野外的面部识别现在正在朝着轻量级模型、快速推理速度和分辨率适应能力的发展方向前进。在本文中,我们提出了一种桥蒸馏方法,将私有的高分辨率面部预训练模型转化为低分辨率面部识别的轻量级模型。在我们的方法中,通过两步蒸馏解决了跨数据集分辨率适应知识传递问题。第一步,我们进行跨数据集蒸馏,将高分辨率私人面部上的先验知识传递到高分辨率公共面部,并生成紧凑且具有区分性的特征。第二步,通过多任务学习进一步将先验知识传递给合成低分辨率面部。通过学习低分辨率面部表示并模拟适应高分辨率知识,可以构建具有高效率和令人满意的准确性的轻量学生模型来识别低分辨率面部。实验结果表明,仅使用0.21M参数和0.057MB内存的高学生模型在识别低分辨率面部时表现出色。同时,其速度分别在GPU、CPU和移动手机上达到14,705、~934和763张/秒。
https://arxiv.org/abs/2409.11786
Despite the remarkable performance of deep neural networks for face detection and recognition tasks in the visible spectrum, their performance on more challenging non-visible domains is comparatively still lacking. While significant research has been done in the fields of domain adaptation and domain generalization, in this paper we tackle scenarios in which these methods have limited applicability owing to the lack of training data from target domains.
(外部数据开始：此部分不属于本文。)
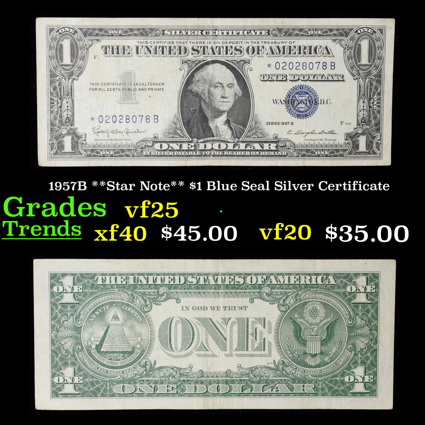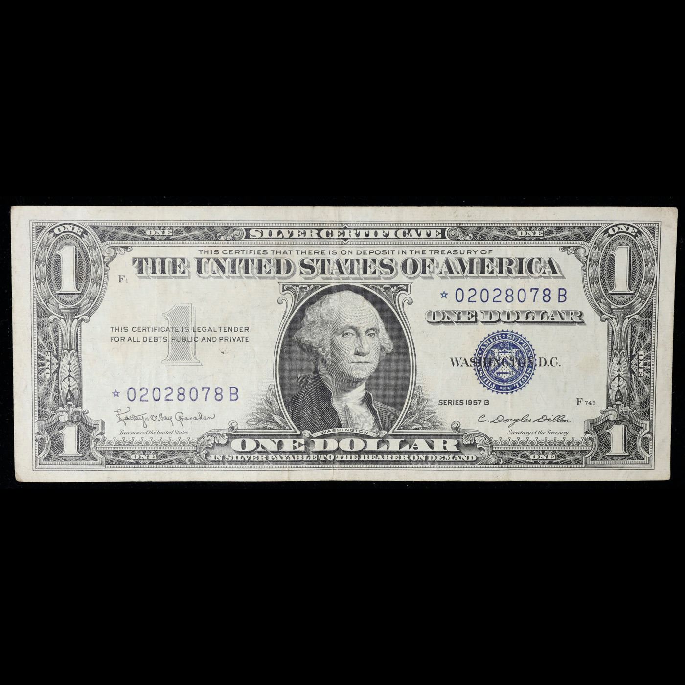 1957B **Star Note** $1 Blue Seal Silver Certificate Grades vf+. On June 4th 1963, President Kennedy issued Executive Order 11110, ordering that silver certificates be phased out. No one knew it would be his last executive order, and no one knew that it would make these 1957-B Silver Certificates sought-after collectibles today. His order caused folks to take notice and save a small number of these 1957-B $1 Silver Certificates-they were only 14% of the total 1957 Silver Certs printed. These silver certificates feature George Washington, a blue seal, and the following wording: “Silver Certificate This certifies that there is on deposit in the treasury of The United States of America One Dollar In silver payable on demand”

We focus on the problem of single-source (visible) and multi-target (SWIR, long-range/remote, surveillance, and body-worn) face recognition task. We show through experiments that a good template generation algorithm becomes crucial as the complexity of the target domain increases. In this context, we introduce a template generation algorithm called Norm Pooling (and a variant known as Sparse Pooling) and show that it outperforms average pooling across different domains and networks, on the IARPA JANUS Benchmark Multi-domain Face (IJB-MDF) dataset.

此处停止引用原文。